No entanto, os pesquisadores não removeram diretamente o beta-amilóide do sangue do modelo transgênico de camundongo com DA e outras proteínas ou fatores no sangue também poderiam explicar esses resultados.

Assim, mais pesquisas são necessárias para caracterizar os componentes do sangue e identificar os mecanismos subjacentes ao impacto do tratamento de troca de sangue na memória e nas placas beta-amilóides.

A caracterização dos hemocomponentes subjacentes a esses efeitos do tratamento de troca sanguínea poderia facilitar o desenvolvimento de tratamentos para pacientes com DA.

O principal autor do estudo, Dr.Claudio Soto, professor de neurologia da McGovern Medical School da UTHealth Houston, disse ao Medical News Today que procedimentos como plasmaférese ediálise sanguíneapoderia ser adaptado para remover a proteína beta-amilóide do sangue ou outros componentes do sangue e tratar indivíduos com DA.

Dr.Soto observou que “[es]estudos em modelos de camundongos são necessários como um primeiro passo para analisar a eficácia de uma estratégia terapêutica. Claro", acrescentou, "ratos não são humanos, então precisaríamos mostrar que nossa abordagem funciona na 'vida real' com 'pacientes reais'".

“A troca de sangue total – como fizemos neste estudo – não é viável em humanos [como tal], mas existem duas tecnologias atualmente na prática médica comum que podem funcionar: plasmaférese e diálise sanguínea. Atualmente, estamos adaptando essas técnicas para estudos com camundongos e, se obtivermos resultados positivos, o próximo passo será iniciar alguns ensaios clínicos em humanos afetados pela DA.”

– Dra.Cláudio Soto

Também conversamos com o Dr.Erik S.Musiek, professor de neurologia da Escola de Medicina da Universidade de Washington em St.Louis, que não participou deste estudo.

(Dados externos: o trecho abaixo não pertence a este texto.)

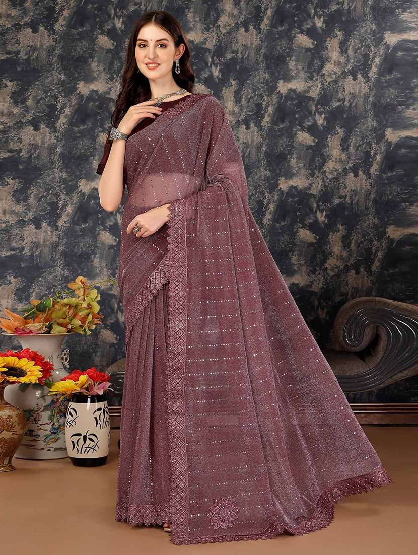 women solid with work embellished saree with blouse - 22228505 - Very Small Image - 1
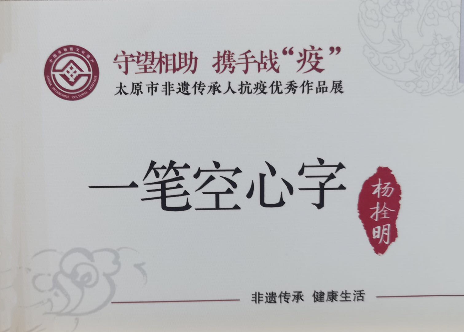 太原市非物質文化遺產保護中心主任張建明稱,楊拴明創作的一筆空心字抗疫作品形式新穎、章法有度。將抗疫之情、之感、之意用自創的組合空心字一筆勾勒,既遵循了漢字及書法創作的字法、筆法、墨法,又充分融入、添加了創作者的設計理念以及真情實感,實屬難得。
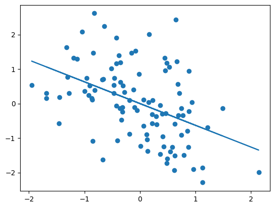 y = -0.75 * X + rng.standard_normal(size=(100, 1))
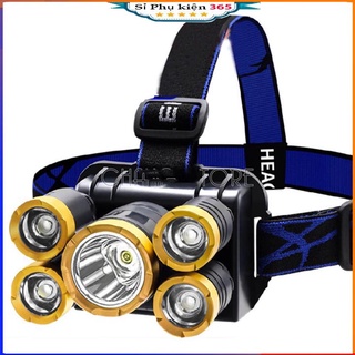 Đèn Pin Đội Đầu Đeo Trán 5 Bóng T6 Siêu Sáng Kèm Pin Sạc gọn gàng thuận tiện
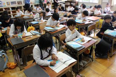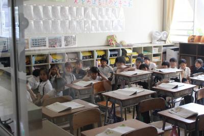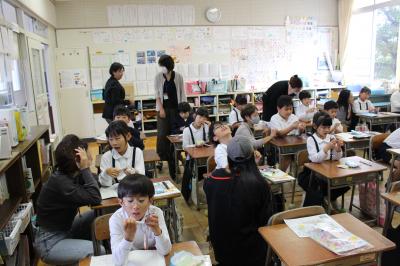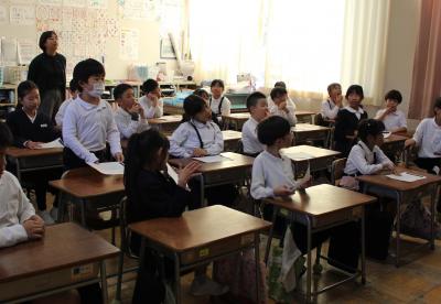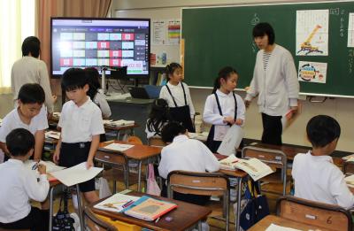 6年生に2年生の頃を思い出してもらおうと、1限目 体育「なわとび」、2限目 音楽「アイアイ」、3限目 国語「スイミー」、4限目 算数「九九」を披露。4限目の「九九」では、だじゃれをきかせ笑いを誘っていました。
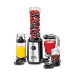 Introducing the Black \u0026 Decker 300W 240V Stainless Steel Black \u0026 Clear 4-in-1 Compact Sports Blender \u0026 Smoothie Maker with Citrus Juicer \u0026 Grinder Mill, SBX300BCG-B5. This versatile kitchen appliance packs a powerful punch with its 300W motor and 21500 rpm speed, perfect for blending up smoothies, juices, and even grinding up spices. The package includes a blender/smoothie maker with citrus juicer \u0026 grinder mill, all in a sleek black \u0026 clear design. With a 550 ml capacity juice cup, this compact appliance is a must-have for any kitchen. Get your hands on the Black \u0026 Decker SBX300BCG-B5 for all your blending needs.
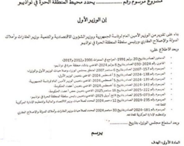أصدر مجلس الوزراء مرسوماً جديداً يحدد حدود ومكونات محيط المنطقة الحرة في مدينة نواذيبو، متضمناً إنشاء قطبين متخصصين أحدهما للمعادن بمساحة 1282 متر مربع، والآخر للصيد على مساحة 221 هكتار، وذلك في إطار تعزيز الديناميكية الاقتصادية للمنطقة وتوجيه الاستثمار نحو القطاعات الإستراتيجية.

Comentando o estudo, o Dr.Musiek observou: “Os autores se concentram na ideia de que existe um pool de beta-amilóide na periferia que está em equilíbrio com o do cérebro, e que a adição de sangue com beta-amilóide mínimo cria um sumidouro pelo qual o beta-amilóide é transferido do cérebro para o sangue, limitando a formação de placas. Essa hipótese de sumidouro periférico existe há muito tempo e foi demonstrada em camundongos após a administração de anticorpos Abeta”.

“No entanto, provavelmente há muitos outros mecanismos possíveis em jogo aqui”, alertou.Além disso, de acordo com o Dr. Musiek, “[o] fato de que os doadores de sangue são jovens, enquanto os camundongos modelo AD que recebem o sangue envelhecem bastante (13 meses), sugere que pode haver fatores no sangue jovem que limitam diretamente o beta -patologia amilóide e promover a cognição.”

“Também é possível que o sangue fresco e jovem altere a resposta imune no cérebro dos receptores, facilitando o metabolismo beta-amilóide”Dr.Musiek levantou a hipótese. “Finalmente, ainda não está claro se a troca de sangue em camundongos que já têm uma carga significativa de placas pode aumentar a remoção de placas, em vez de impedir seu acúmulo inicial”.

“Isso é muito importante, pois geralmente identificamos pessoas com DA pré-clínica com base no fato de já terem placas, e as terapias de prevenção primária para evitar esse acúmulo gradual de placas são muito difíceis de implementar em humanos. No entanto, este estudo certamente revela um fenômeno muito interessante e deve inspirar pesquisas futuras”, disse o Dr.Música.